Incidence of emergency calls were reduced during the pandemic compared with 2019. There was a rise in incidence of OHCA and OHCA deaths during the same period; however, these changes appear transient. Further research is required to understand patient behaviour towards seeking help during the pandemic and the long-term consequences of not doing so.

摘要

背景

为应对 COVID-19 大流行,英国于 2020 年 3 月 23 日实施了全国封锁。

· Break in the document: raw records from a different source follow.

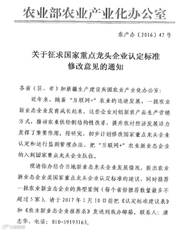 新年伊始,从深圳市经济贸易和信息化委员会传来喜讯,根据《深圳市重点农业龙头企业申报认定与监测办法》有关规定,深圳市经贸信息委组织展开了2017年市重点农业龙头企评审和考核,并征求深圳市发展改革委、财政委、市场监管委、金融办和证监局等单位意见,按规定进行公示后报深圳市政府确认同意,评选出100家深圳市重点农业龙头企业,点筹网与光明集团、深粮集团等一批具有社会影响力的超大型企业荣获“深圳市重点农业龙头企业”称号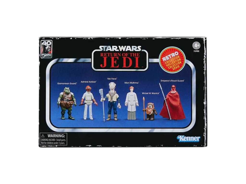 Děti a sběratelé si mohou představit největší bitvy a mise ze ságy Star Wars s figurkami ze Star Wars Retro Kolekce! S vynikajícími funkcemi a dekorací skutečně reprezentuje kvalitu a realismus, který milují fanoušci Star Wars. Star Wars Retro Kolekce zahrnuje akční figurek ze Star Wars z více než 40letého odkazu Star Wars Galaxie, včetně filmů a živých akčních sérií. (Další produkty se prodávají samostatně. Podléhá dostupnosti.)Tyto figurek o velikosti 3,75 palce ze Star Wars Retro Kolekce jsou detailně zpracované, aby vypadaly jako postavy Admirál Ackbar, Wicket W. Warrick, Mon Mothma, Císařovy královské stráže, Gamorrean Strážce a Yak Face z filmu Star Wars: Návrat Jediho, mají design a detailling inspirovaný figurkami ze Star Wars ze 70. let.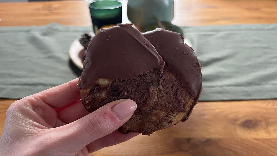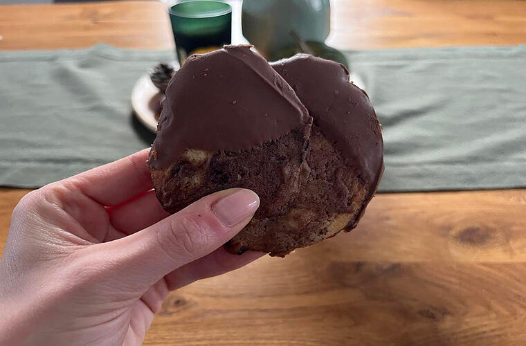 Auf einem Gitterrost vollständig auskühlen lassen und anschließend nach Belieben noch mit Schokoladenglasur verzieren. Wir haben Vollmilchglasur benutzt.

在接下来的几周内,英国的急诊部门报告就诊人数减少。我们旨在探讨英格兰东北部的紧急呼叫发生率,以及院外心脏骤停 (OHCA) 死亡人数。

方法

收集了 2019 年 3 月 4 日至 6 月 2 日和 2020 年 3 月 2 日至 5 月 31 日期间因中风、ST 段抬高型心肌梗死、过敏、哮喘、慢性阻塞性肺疾病、跌倒、中毒、癫痫发作、败血症、急性冠状动脉综合征和 OHCA 而联系东北救护服务的所有患者的病例数据。

结果

与 2019 年同期相比,大流行期间除 OHCA 外的呼叫发生率(导致救护车出动)有所下降,分别为 16743 例和 19639 例(-14.74%)。到 2020 年 5 月底,呼叫数量的下降趋势有所逆转。全国封锁期间 OHCA 的发生率增加了 13.79%,2020 年 4 月第二周的增幅达到了 73.56%。OHCA 死亡人数在 2020 年 4 月的前两周达到峰值,分别为 95.65%和 90.07%,但到 2020 年 5 月底,OHCA 和 OHCA 死亡人数已恢复到封锁前的水平。

结论

与 2019 年相比,大流行期间急诊呼叫的发生率有所下降。同期 OHCA 和 OHCA 死亡人数有所增加;然而,这些变化似乎是暂时的。需要进一步研究以了解大流行期间患者寻求帮助的行为以及不这样做的长期后果。